* [COLLECTED MATERIAL]
****************************************

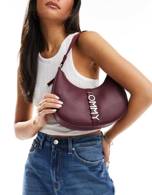 Tommy Jeans – Bordowa skórzana torebka na ramię z dużym logo
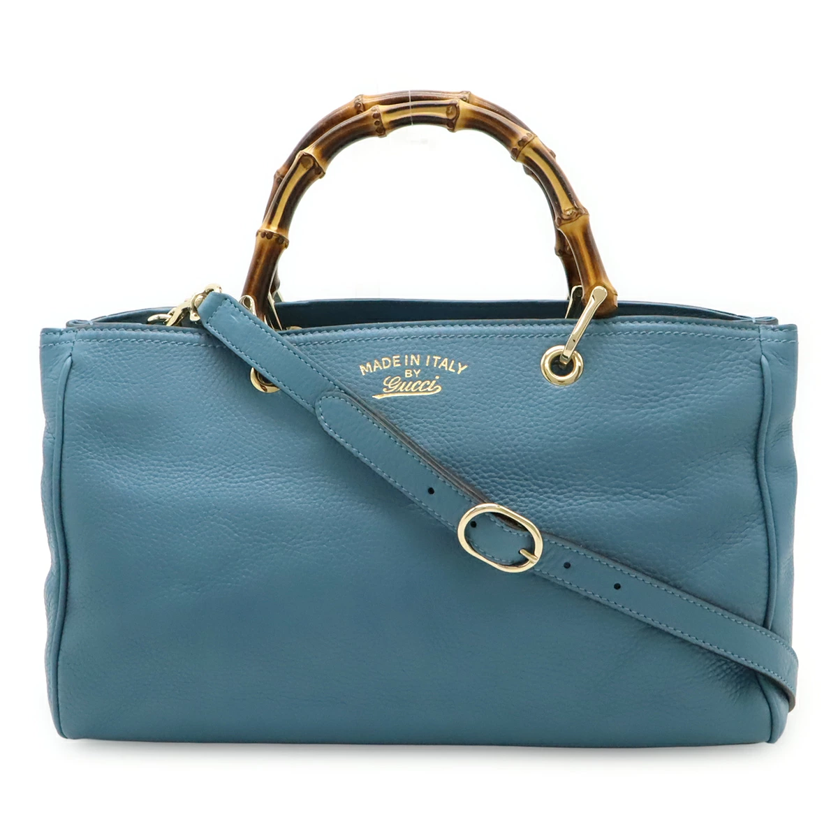上質なレザーにバンブーハンドルがアクセントになったグッチらしいシックでハイセンスなミディアムトート。
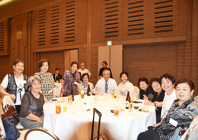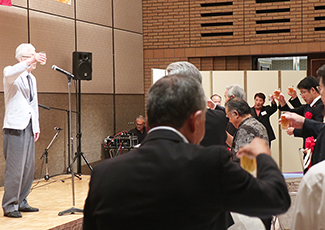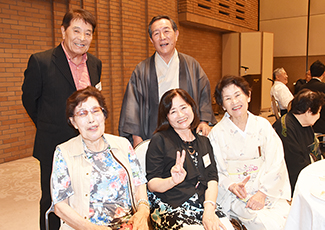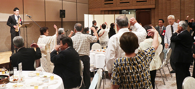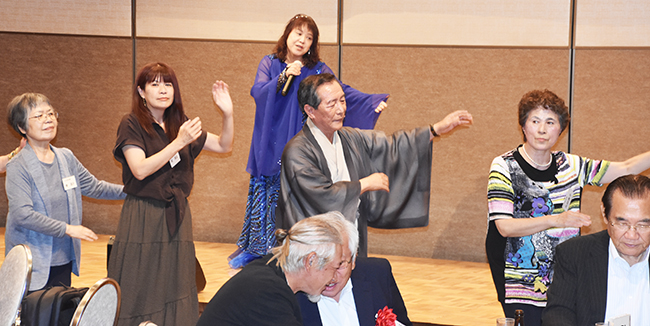 続いて山ゆり会メンバーの折原誠司さんと、奄美民謡大会壮年の部で最優秀賞を受賞した脇田さんが祝い唄の「朝花節」を歌い祝福した後、和田純男顧問の音頭で乾杯。参加者は久しぶりの再会を喜び合い、会場には歓談の輪が広がった。
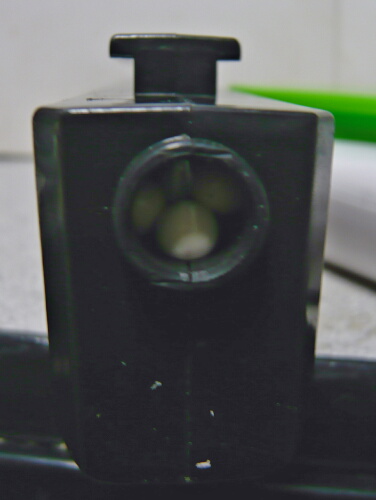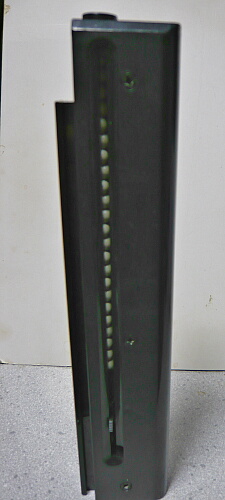 このマガジンはちょっと困った構造で、リップの1段奥が広がっていて更にその奥にストッパーがあるためBBローダーを突っ込んでもストッパーを解除できないのでそこから強引にギャリギャリ給弾する事になるのですが、1段目の広い部分に引っかかって弾が詰まります。この状態で銃に装着するとチャンバーを破壊してしまう危険があるので必ずこの部分の弾は振り落としてから銃に装着しなくてはなりません。素直にマガジン下面のフタを開けてジャラジャラと弾を流し込み、フォロワーを最下段まで下げてロックしてからマガジンを振ってルートに弾を転がり出すというリザーブ式の使い方をするのが妥当でしょうか。リザーブ式の場合弾タンク部分に錆鉄棒があったりして弾が汚れたりするのですが、幸いこの銃では大丈夫なようす。

****************************************

* [WORK REQUEST] Leave every picture out, and reproduce exactly the lines from the line bearing "上質なレザーにバンブーハンド" through the closing line of the material above.

* [TASK RESULT]
上質なレザーにバンブーハンドルがアクセントになったグッチらしいシックでハイセンスなミディアムトート。
 続いて山ゆり会メンバーの折原誠司さんと、奄美民謡大会壮年の部で最優秀賞を受賞した脇田さんが祝い唄の「朝花節」を歌い祝福した後、和田純男顧問の音頭で乾杯。参加者は久しぶりの再会を喜び合い、会場には歓談の輪が広がった。
 このマガジンはちょっと困った構造で、リップの1段奥が広がっていて更にその奥にストッパーがあるためBBローダーを突っ込んでもストッパーを解除できないのでそこから強引にギャリギャリ給弾する事になるのですが、1段目の広い部分に引っかかって弾が詰まります。この状態で銃に装着するとチャンバーを破壊してしまう危険があるので必ずこの部分の弾は振り落としてから銃に装着しなくてはなりません。素直にマガジン下面のフタを開けてジャラジャラと弾を流し込み、フォロワーを最下段まで下げてロックしてからマガジンを振ってルートに弾を転がり出すというリザーブ式の使い方をするのが妥当でしょうか。リザーブ式の場合弾タンク部分に錆鉄棒があったりして弾が汚れたりするのですが、幸いこの銃では大丈夫なようす。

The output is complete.